→ Exercise brief
Would you please restate all of the entries exactly, apart from the pictures?

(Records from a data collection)
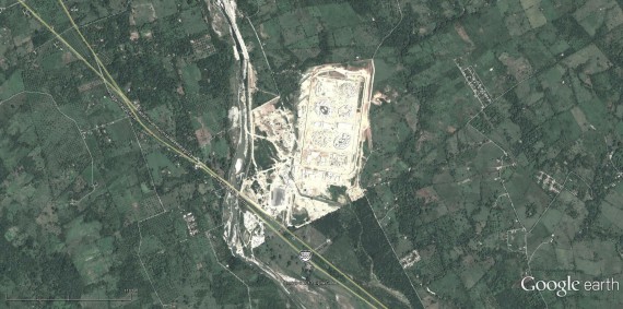 En una imagen de satélite, se observa la zona de construcción situada sobre terrenos de inundación recurrente, porque se encuentra al lado del Río Vado Ancho, el cual, como su nombre lo indica se inunda constantemente.
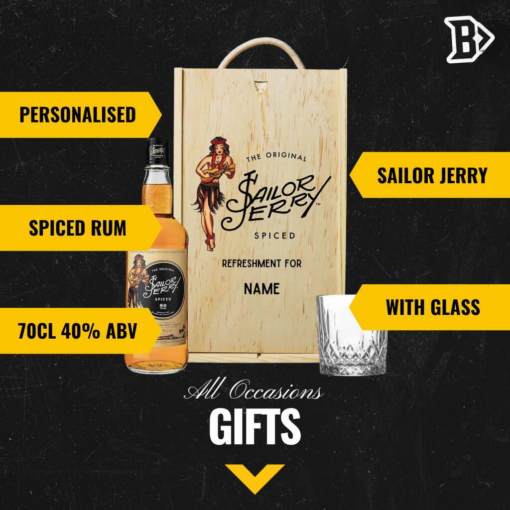 This Personalised Sailor Jerry Original Rum Gift Set features a bottle of Sailor Jerry Spiced Rum in a decorative, personalised keepsake wooden gift box.
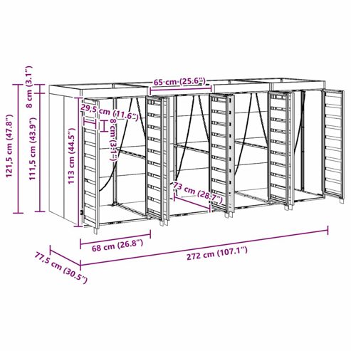 Die Mülltonnenaufbewahrung bietet eine schicke Lösung, um Abfallbehälter im Freien zu organisieren, ohne das Aussehen deines Gartens oder deiner Terrasse zu stören. Das moderne Design fügt sich perfekt in verschiedene Außenräume ein, und sie ist sowohl praktisch als auch gut aussehend. Für den Außeneinsatz gemacht, bleibt sie auch langfristig top in Schuss, während dein Raum ordentlich bleibt. Eine tolle Wahl für alle, die Wert auf Ordnung und Sauberkeit legen. Wasserabweisendes Material: Diese Mülltonnenaufbewahrung ist so gemacht, dass sie Regen und Sonne standhält, damit dein Müll trocken und sauber bleibt. Das UV-beständige Material sorgt dafür, dass die Farben und die Form auch bei jeder Witterung erhalten bleiben. Innovatives erweiterbares Design: Der Rahmen lässt sich wirklich ganz einfach anpassen, je nachdem, wie viele Mülltonnen du hast. Wenn du mehr Platz brauchst, kannst du ganz einfach andere Sektionen hinzufügen. Genial für wachsende Familien oder wenn du mehr Platz brauchst! Belüftetes Merkmal für Effizienz: Wegen der Belüftung bleibt die Luft gut zirkulieren, und das hilft, unangenehme Gerüche zu vermeiden. So bleibt alles hygienisch und angenehm, wenn du draußen bist. Stylisches modernes Design: Das moderne Design kombiniert einfache Linien mit Funktionalität. Es passt perfekt in jeden zeitgemäßen Garten oder jede Terrasse und macht alles noch schöner. Einfache Pflege & Wartung: Die Pflege ist ganz einfach; einfach mal mit einem feuchten Tuch drüberwischen, und schon sieht alles wieder neu aus. Mit diesem praktischen Zubehör wird alles noch einfacher und schöner für alle, die auf Nützlichkeit und schönes Aussehen Wert legen. ** Farbe: Anthrazit ** Material: Stahl ** Gesamtabmessungen: 272 x 77,5 x 121,5 cm (B x T x H) ** Erweiterbar ** Belüftetes Design ** Geeignet für Standardmülltonnen mit einem Volumen von 120 L oder 240 L ** Magnettüren ** Pflanzdach mit Ablauföffnungen ** Innendimensionen (jeweils): 65 x 73 x 113 cm (B x T x H) ** Innen- / Außenbereich: Nur für den Außenbereich ** Lieferumfang: ** 1 x Rollcontainer Aufbewahrung ** Montage erforderlich: Ja
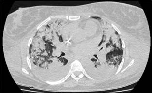 La infección por VZ se puede manifestar de forma severa en pacientes inmunocomprometidos, prueba de ello son los trasplantados, con infección por el VIH (virus de inmunodeficiencia humana), uso crónico de esteroides, deficiencia y alteración de la inmunidad, especialmente la celular. Existen pocos casos en la literatura con compromiso multisistémico en paciente inmunocompetente. En el caso presentado se documentó neumonía como parte de las manifestaciones iniciales. La presencia de neumonía es una complicación común incluso en pacientes previamente sanos, donde el tabaquismo, sexo masculino, embarazo, edad avanzada y el severo compromiso vesicular cutáneo se describen como factores de riesgo 4,5. La incidencia de neumonía por varicela es de aproximadamente 1:400 casos siendo la primera causa de morbilidad y mortalidad alcanzando hasta 50% en pacientes en ventilación mecánica. En muchos casos la neumonía por varicela presenta mínimos síntomas pulmonares siendo la tos seca la de mayor frecuencia y existen pocos casos como el descrito donde se presenta SDRA. En los pacientes con neumonía por VZ el uso temprano de antiviral se ha relacionado con mejoría significativa de la oxigenación, fiebre y taquipnea 6,7.
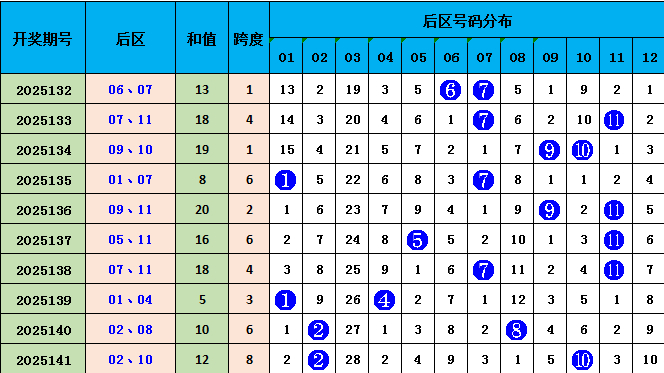 上期后区开出号码02、10,和值12,最近十期,和值开出范围在5--20之间,波动较大。本期预测和值较上一期上升,精选一注后区和值17,推荐05、12。

→ Exercise result
 En una imagen de satélite, se observa la zona de construcción situada sobre terrenos de inundación recurrente, porque se encuentra al lado del Río Vado Ancho, el cual, como su nombre lo indica se inunda constantemente.
 This Personalised Sailor Jerry Original Rum Gift Set features a bottle of Sailor Jerry Spiced Rum in a decorative, personalised keepsake wooden gift box.
 Die Mülltonnenaufbewahrung bietet eine schicke Lösung, um Abfallbehälter im Freien zu organisieren, ohne das Aussehen deines Gartens oder deiner Terrasse zu stören. Das moderne Design fügt sich perfekt in verschiedene Außenräume ein, und sie ist sowohl praktisch als auch gut aussehend. Für den Außeneinsatz gemacht, bleibt sie auch langfristig top in Schuss, während dein Raum ordentlich bleibt. Eine tolle Wahl für alle, die Wert auf Ordnung und Sauberkeit legen. Wasserabweisendes Material: Diese Mülltonnenaufbewahrung ist so gemacht, dass sie Regen und Sonne standhält, damit dein Müll trocken und sauber bleibt. Das UV-beständige Material sorgt dafür, dass die Farben und die Form auch bei jeder Witterung erhalten bleiben. Innovatives erweiterbares Design: Der Rahmen lässt sich wirklich ganz einfach anpassen, je nachdem, wie viele Mülltonnen du hast. Wenn du mehr Platz brauchst, kannst du ganz einfach andere Sektionen hinzufügen. Genial für wachsende Familien oder wenn du mehr Platz brauchst! Belüftetes Merkmal für Effizienz: Wegen der Belüftung bleibt die Luft gut zirkulieren, und das hilft, unangenehme Gerüche zu vermeiden. So bleibt alles hygienisch und angenehm, wenn du draußen bist. Stylisches modernes Design: Das moderne Design kombiniert einfache Linien mit Funktionalität. Es passt perfekt in jeden zeitgemäßen Garten oder jede Terrasse und macht alles noch schöner. Einfache Pflege & Wartung: Die Pflege ist ganz einfach; einfach mal mit einem feuchten Tuch drüberwischen, und schon sieht alles wieder neu aus. Mit diesem praktischen Zubehör wird alles noch einfacher und schöner für alle, die auf Nützlichkeit und schönes Aussehen Wert legen. ** Farbe: Anthrazit ** Material: Stahl ** Gesamtabmessungen: 272 x 77,5 x 121,5 cm (B x T x H) ** Erweiterbar ** Belüftetes Design ** Geeignet für Standardmülltonnen mit einem Volumen von 120 L oder 240 L ** Magnettüren ** Pflanzdach mit Ablauföffnungen ** Innendimensionen (jeweils): 65 x 73 x 113 cm (B x T x H) ** Innen- / Außenbereich: Nur für den Außenbereich ** Lieferumfang: ** 1 x Rollcontainer Aufbewahrung ** Montage erforderlich: Ja
 La infección por VZ se puede manifestar de forma severa en pacientes inmunocomprometidos, prueba de ello son los trasplantados, con infección por el VIH (virus de inmunodeficiencia humana), uso crónico de esteroides, deficiencia y alteración de la inmunidad, especialmente la celular. Existen pocos casos en la literatura con compromiso multisistémico en paciente inmunocompetente. En el caso presentado se documentó neumonía como parte de las manifestaciones iniciales. La presencia de neumonía es una complicación común incluso en pacientes previamente sanos, donde el tabaquismo, sexo masculino, embarazo, edad avanzada y el severo compromiso vesicular cutáneo se describen como factores de riesgo 4,5. La incidencia de neumonía por varicela es de aproximadamente 1:400 casos siendo la primera causa de morbilidad y mortalidad alcanzando hasta 50% en pacientes en ventilación mecánica. En muchos casos la neumonía por varicela presenta mínimos síntomas pulmonares siendo la tos seca la de mayor frecuencia y existen pocos casos como el descrito donde se presenta SDRA. En los pacientes con neumonía por VZ el uso temprano de antiviral se ha relacionado con mejoría significativa de la oxigenación, fiebre y taquipnea 6,7.
 上期后区开出号码02、10,和值12,最近十期,和值开出范围在5--20之间,波动较大。本期预测和值较上一期上升,精选一注后区和值17,推荐05、12。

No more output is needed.